One of the most important things that you will learn in CNA training is how to produce proper documentation. It’s a critical responsibility that all healthcare professionals share. When you’re in the business of delivering care to many people at a time, keeping tabs on patients is a necessity.
But what exactly do nursing aides need to write down? Well, a lot! From a patient’s vital signs to their food intake, nursing aides need to take note of all relevant information on their patients. This includes procedures, medications, diagnostic tests results, and interactions with different healthcare professionals. The rule of thumb is, if it’s related to a patient’s medical care, then it has to be documented.
Here are 5 major rules of documentation that every nursing assistant needs to know.
If There Are No Records, It Didn’t Happen
Without proper documentation, it’s impossible to keep the whole medical up to speed with what’s happening with a patient. There will be no proof when a specific medication was administered or notes on the kind of treatment a patient is on. And we all know that in the medical field, failing to keep track of a patient can result in serious consequences.
Write Down Your Notes Legibly
Even though health facilities are already switching from paper-based charts to electronic health records, it’s likely that you will still need to write something down on paper. When preparing written documentation, always make sure that you write it down legibly. Your notes are practically useless if no one can read them.
Follow A System
Most of what you’re going to learn in CNA training involves following a system. Charting is no exception. Following a charting system doesn’t just make it easier for everyone to be on the same page, it also helps you stay organized. When you’re following a system, you’re less likely to miss out the little details.
Never Change Your Entries
Once you write something on the chart, you can’t go back and change it on a whim. In most healthcare facilities, altering notes without following the procedure for corrections may result in legal action. Before writing anything down, make sure you’re 100% sure of what you’re writing.
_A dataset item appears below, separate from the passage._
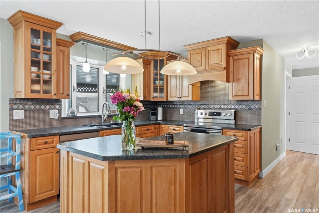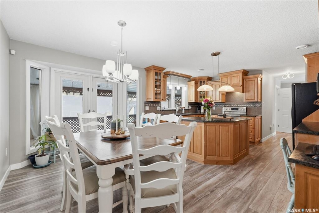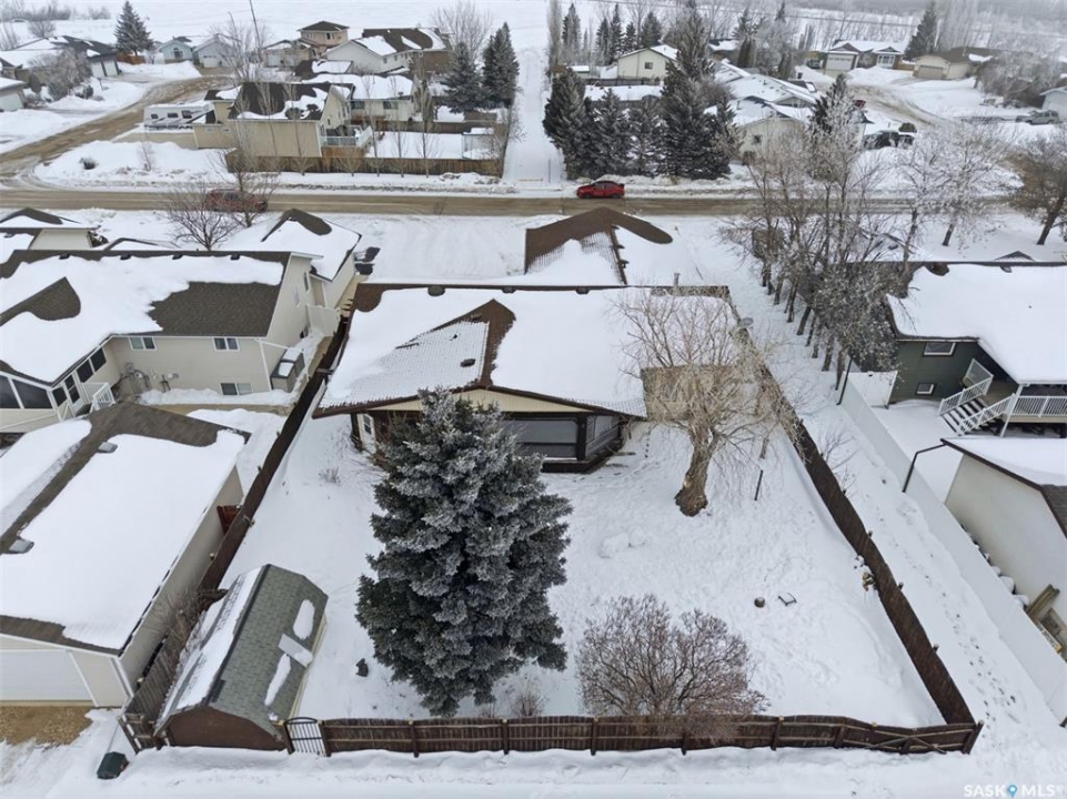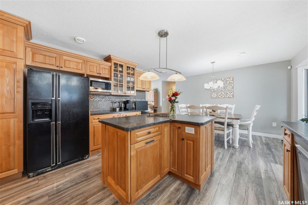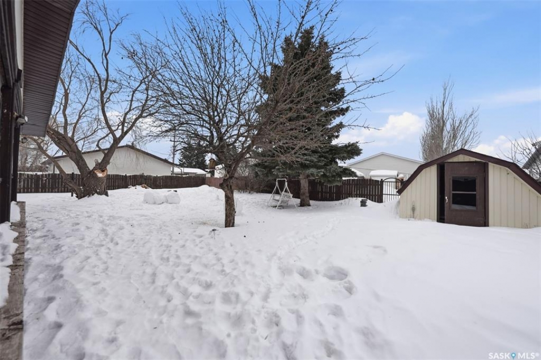 This sprawling bungalow ideally located in the busy town of Watrous has tons of updates! As you step in the front door, you'll notice the huge living room to the right, or the dining area with garden doors to the covered deck straight ahead. Huge north facing living room window offers tons of natural light with street view. Dining area flows into the kitchen, overlooking the back yard. Custom maple cabinetry offers tons of work space and storage, ideal for everyday family meals or entertaining. Down the hall you'll find the updated main bathroom with tile floor, the primary suite with 3 pc bath, walk in closet and bonus closet, and 2 more bedrooms. Vinyl plank flooring throughout the main floor along with updated doors, trims, and lighting make this a clean, bright space. Completing the main floor is the laundry/mud room. Basement is completely finished with family room area, games area, wet bar, hot tub (not in use), 3 pc bath, another bedroom and utility/storage. Front entry also accesses the full double garage with storage area and in floor heat. The covered/screened deck overlooks the fenced back yard, and is perfect for outdoor enjoyment - rain or shine! Mature yard has a firepit, garden area, fruit trees and a shed. Pathway access to 12th Ave (and sportsgrounds/swimming pool beyond) is adjacent to the house.Watrous is just a few minutes from the resort villag eof Manitou Beach, 1 hour to Saskatoon, and under 2 hours to Regina. It is also within 30 minutes of 3 potash mines, and 45 min to BHP Jansen. This town has full services, including a schools, rec facilities, health care, shopping, churches, restaurants/bars, and more. Call today to book your private viewing!

If you need to correct a mistake, ask your superior how to go about it since charting policies may differ at different facilities. Never erase or block it out on your own.
Be Accurate, Yet Concise
Always review what you wrote before signing it. Check whether you’ve included all important details that everyone on the medical team should know. You may feel tempted to write down as much information as you can, but most people just want to get straight to the point. As a nursing assistant, your job is to strike the perfect balance between being accurate and staying concise.
While documentation may seem quite tedious, it’s a task that needs to be done properly. Even if you’re a medical professional with basic CNA training, your input is just as important as anyone else’s. Remember, the medical team is counting on you so make every entry count.